Она отчаянно рванулась вперед. Раскрасневшийся немец испуганно втянул пивной живот и вжался в стену, позволив ей неведомым образом оказаться за его спиной. Выскочив наружу к свету, она вдохнула полной грудью.
«Солнце! Воздух! Жизнь прекрасна! Словно снова родилась!» Мысли сами собой слагались в восторженные стихотворные формы.
– Как вы, Александра? – поинтересовался степенно вышедший следом Онуфриенко.
– Чуть не умерла в вашем каменном мешке, но сейчас, кажется, оживаю! – ответила она, обмахиваясь руками.
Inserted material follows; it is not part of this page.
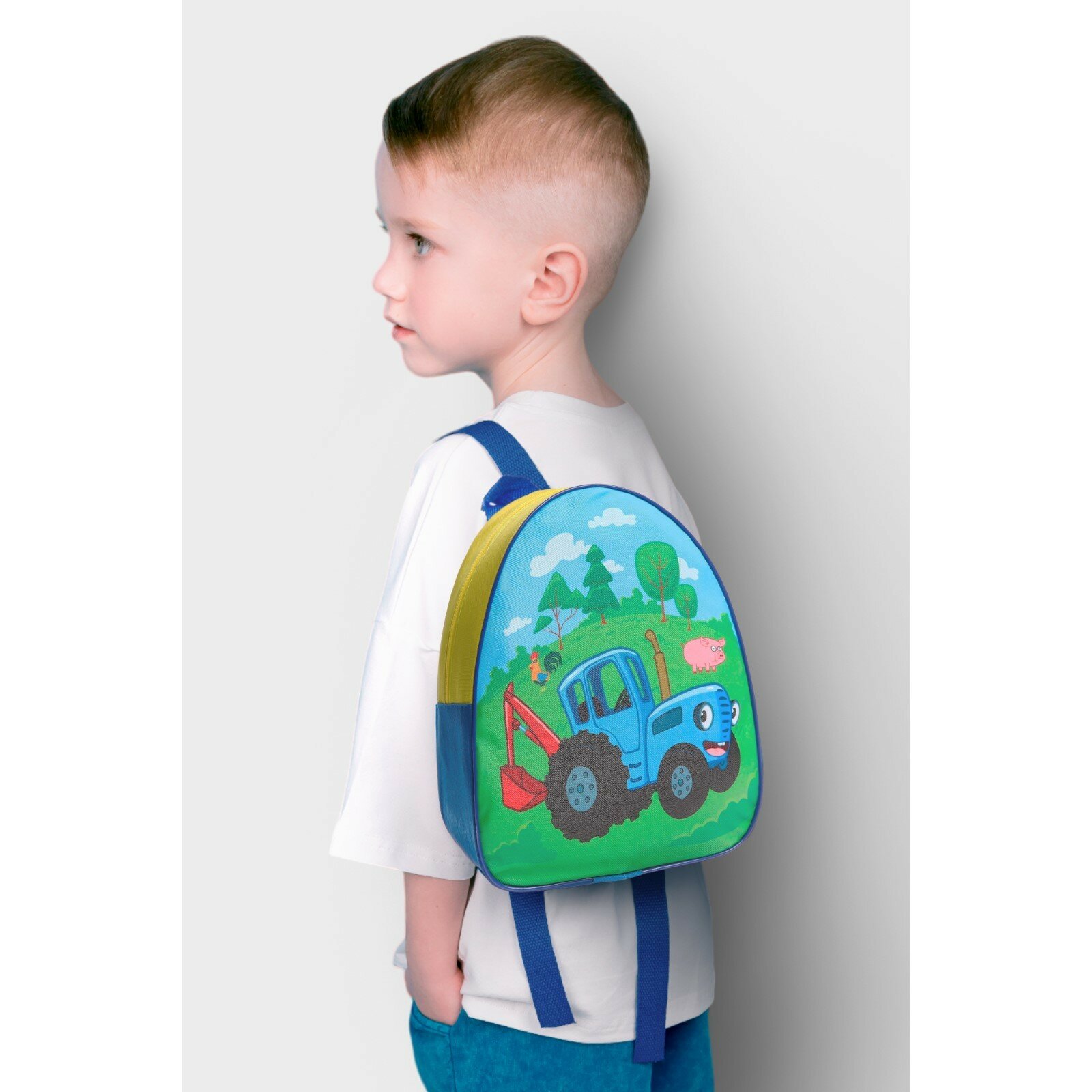 Рюкзак детский для мальчиков в садик, Синий трактор, размер 23 х 10 х 21 см

– Вот видите, чтобы вновь родиться, надо сначала умереть, – изрек он очередной афоризм, протягивая бутылочку с питьевой водой.
– И как себя теперь чувствуете? – участливо поинтересовался, дождавшись, пока вновь родившаяся попила и обтерла лицо смоченной ладонью.
– Спросите лучше, кем?
– И кем же?
– Голодным сперматозоидом, прорвавшимся к…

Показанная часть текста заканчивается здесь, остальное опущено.